SINGAPORE (Feb 13): Roxy-Pacific announced 4Q17 earnings dropped 39% to $7.27 million, compared to $11.9 million in 4Q16.
Revenue was 53% lower at $43.3 million from $92.1 million last year, due to lower contribution from the property development and property investment segments.
Revenue from the group’s property development segment dropped 62% to $29.8 million, largely due to lower revenue recognition from Jade Residences, Whitehaven, LIV on Wilkie and an absence of revenue recognition from LIV on Sophia following the completion of these projects in 4Q16 and early 2017.
Revenue from the property investment segment was 52% lower at $1.6 million, mainly due to sale of investment property in 59 Goulburn Street in October 2017.
The group’s hotel ownership segment however saw an increase of 7% to $12.0 million during the quarter, mainly due to contribution from newly acquired hotel in Osaka, Japan.
Cost of sales was 57% down at $31.4 million compared to $73.0 million a year ago.
Hence, gross profit for 4Q17 stood at $11.9 million, 41% lower than $20.1 million recorded in 4Q16.

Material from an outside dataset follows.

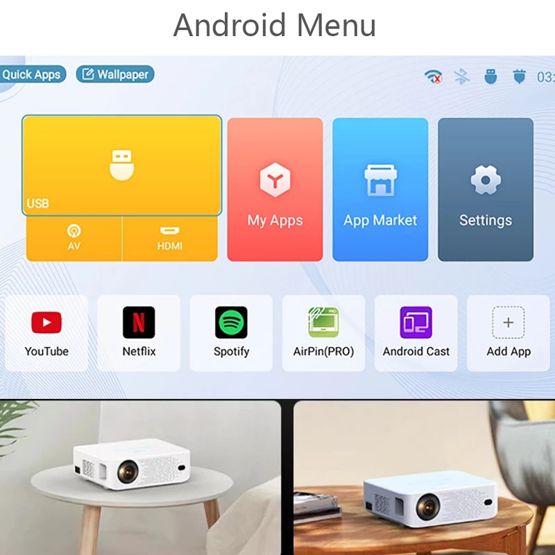 AN10 WiFi 3D 4K Portable Projector 8000 Lumens 1080P HD LED Projector for Mobile Phone Home Theater Wireless Projector Video Movie Party

Other operating income increased by 76% to $3.54 million from $2.01 million last year, mainly due to higher fair value gain on investment property recorded for 59 Goulburn Street in 2Q17 and higher realised and unrealised foreign exchange gain, but was partially offset by fair value loss on shop units in Roxy Square recorded in 2Q17.

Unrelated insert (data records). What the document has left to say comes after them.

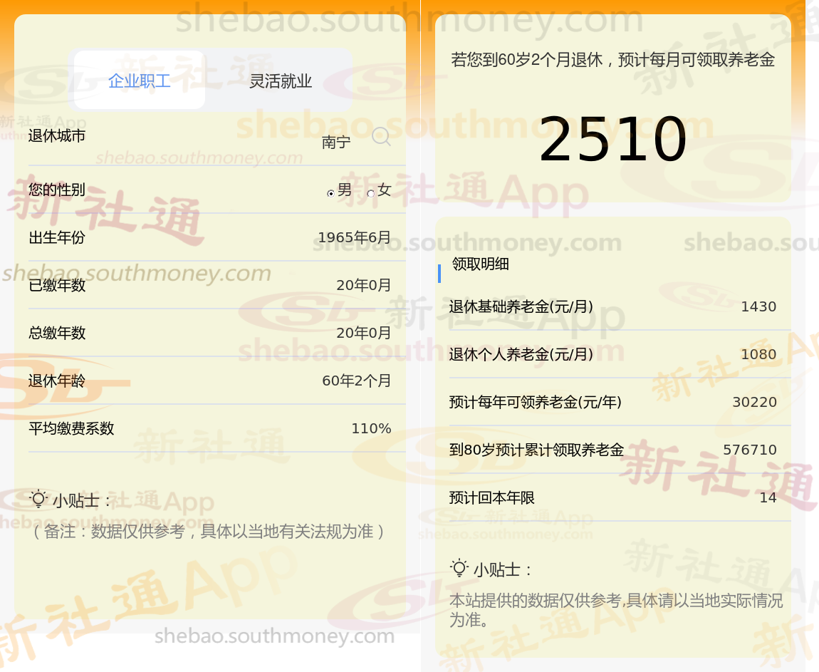 退休城市:南宁,性别:男,出生年份:1965,总缴年数20年,缴费档次:110%,新社通app养老金计算器所得:
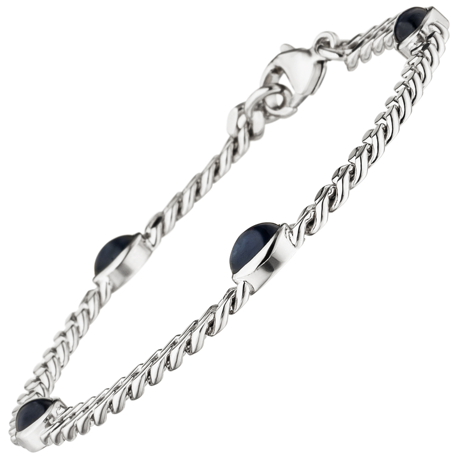 Armband 585 Gold Weißgold 4 Saphir Cabochons blau 19 cm Armband 585 Gold Weißgold 4 Saphir Cabochons blau 19 cm
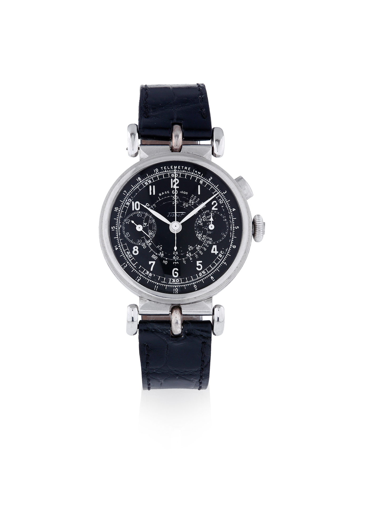 TISSOT, SINGLE-BUTTON CHRONOGRAPH, STEEL Tissot, chronograph, no. 834301. Made circa 1940. Fine, stainless steel, manual winding chronograph with flexible lugs. Belle et rare montre chronographe en acier. Boitier rond avec anses mobiles. Cadran noir avec chiffres arabes peints, totalisateurs pour les secondes et lesminutes, échelles tachymetrique et telemetrique. Aiguilles en acier. Mouvement mécanique manuel. Bracelet cuir. Cadran, boitier et mouvement signes. DIM. 37 mm.

Distribution and selling expenses were 66% higher at $1.59 million, compared to $0.95 million a year ago, mainly due to construction of showflats for The Navian and the group’s upcoming project at Grange Road, as well as selling expense incurred for sale of completed units in Sunnyvale.

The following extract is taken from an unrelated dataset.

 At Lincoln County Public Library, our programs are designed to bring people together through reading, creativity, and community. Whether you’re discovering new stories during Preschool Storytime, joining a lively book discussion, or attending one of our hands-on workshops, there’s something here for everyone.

Share of results of associates was 36% lower at $5.22 million from $8.13 million in the previous year, mainly due to lower revenue recognition from Eon Shenton.
The group has proposed a final cash dividend of 0.771 cents per share, which will be paid out on April 27.
Teo Hong Lim, executive chairman and CEO of Roxy-Pacific says, “Over the last couple of years, we’ve progressively accumulated predominantly freehold sites at attractive prices amidst the property downturn. Now that prices and sales volumes are picking up, we are well positioned to ride on this turnaround with six property launches planned for this year. We’ll continue to prudently strengthen our land bank while focusing on execution to ensure sustainable long-term growth.”
Shares in Roxy-Pacific closed 1 cent higher at 56 cents on Tuesday.